According to the scheme, one target avatar image can be synthesized and output, the driving parameters of the avatar can be continuously input, and multiple frames of target avatar images can be synthesized and output as a video. Alternatively, when the real figures are used to drive the figures, if the related pictures contain a plurality of real figures, the corresponding figures can be respectively driven by the real figures, the figures corresponding to the real figures can be synthesized in one picture and output, and the positions of the figures in the picture are the same as the positions of the corresponding real figures in the original picture. Referring to fig. 4, fig. 4 is a schematic diagram of a single picture including a plurality of avatars according to a second embodiment of the present disclosure, wherein each of the avatars in the picture corresponds to one of the avatars in the picture, and a position of each of the avatars in the picture is the same as a position of the corresponding avatar in the picture.

Example III

Fig. 5 is a block diagram of an avatar composition apparatus according to a third embodiment of the present disclosure, which may perform the avatar composition method of the above-described embodiment, and referring to fig. 5, the apparatus may include:

An acquisition module 31 for acquiring avatar driving parameters including a head pose parameter and an expression parameter and a picture sample containing an avatar;

a determining module 32 for inputting the head pose parameters and expression parameters and the picture samples into a pre-trained avatar composition network, outputting a picture containing a target avatar from the avatar composition network;

The third embodiment of the present disclosure provides an avatar composition apparatus, by acquiring an avatar driving parameter and a picture sample including an avatar, the avatar driving parameter including a head posture parameter and an expression parameter; inputting the head posture parameters and the expression parameters as well as the picture samples into a pre-trained avatar composition network, and outputting a picture containing a target avatar by the avatar composition network; the image synthesis network comprises a head posture adjustment module and an expression adjustment module, wherein the head posture adjustment module is used for adjusting the head posture corresponding to the virtual image according to the head posture parameters and the expression parameters to obtain a first image picture; the expression adjustment module is used for adjusting the expression of the virtual image in the first image picture according to the head gesture parameter and the expression parameter to obtain a picture containing the target virtual image.

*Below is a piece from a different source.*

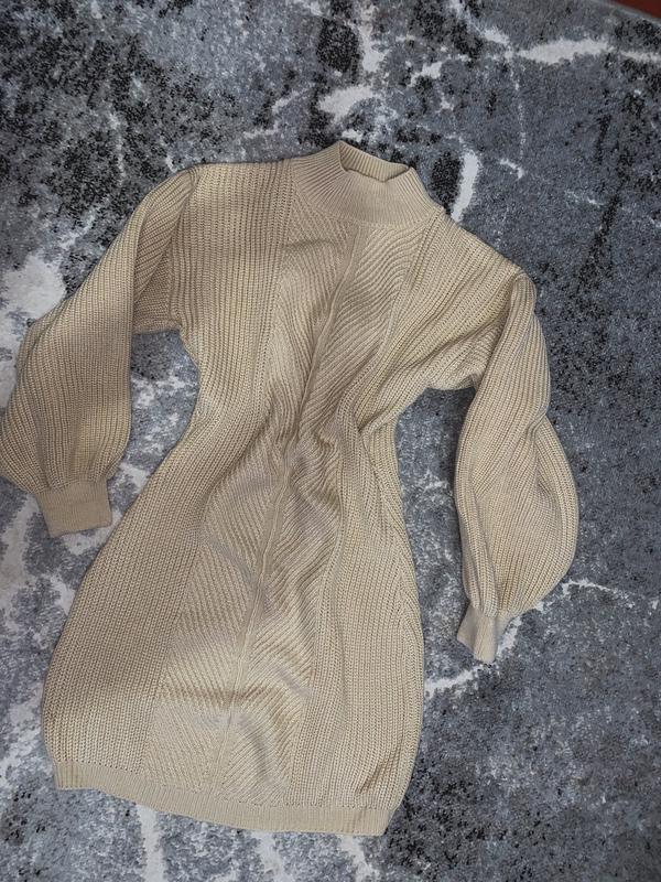 Тепла в'язана сукня бежевого кольору в новому стані. Особливості: • Матеріал: в'язане полотно • Розмір: S/M • Колір: бежевий • Стан: новий • Приталений крій підкреслює фігуру • Довгі рукави з манжетами • Висока горловина • Фактурне в'язання з рельєфним малюнком Ідеально підходить для прохолодної погоди. Універсальна модель для повсякденного носіння та особливих випадків.

According to the scheme, the virtual image in the image sample can be adjusted by utilizing the image synthesis network, so that the image containing the target virtual image is obtained, a three-dimensional model of the virtual image in the image sample is not required to be constructed, the synthesis step of the virtual image is simplified, the head posture of the virtual image is adjusted by utilizing the head posture adjustment module of the image synthesis network, the expression of the virtual image is adjusted by utilizing the expression adjustment module on the basis, and the accuracy of the virtual image synthesis result is improved.

Based on the above embodiment, the determining module 32 is specifically configured to:

Determining a first weight of the head pose parameter and a second weight of the expression parameter, the first weight being greater than the second weight;

And weighting the head posture parameters according to the first weight and the expression parameters according to the second weight, and inputting the weighted head posture parameters, the weighted expression parameters and the picture samples into the head posture adjustment module so as to adjust the head posture corresponding to the virtual image, so that the head posture corresponding to the virtual image is consistent with the weighted head posture parameters, and a first image picture is obtained.

Determining a third weight of the head pose parameter and a fourth weight of the expression parameter, the third weight being less than the fourth weight;

And weighting the head gesture parameters according to the third weight and the expression parameters according to the fourth weight, and inputting the weighted head gesture parameters, the weighted expression parameters and the first image picture into the expression adjustment module so as to adjust the expression of the virtual image in the first image picture, so that the expression of the virtual image in the first image picture is consistent with the weighted expression parameters, and a picture containing the target virtual image is obtained.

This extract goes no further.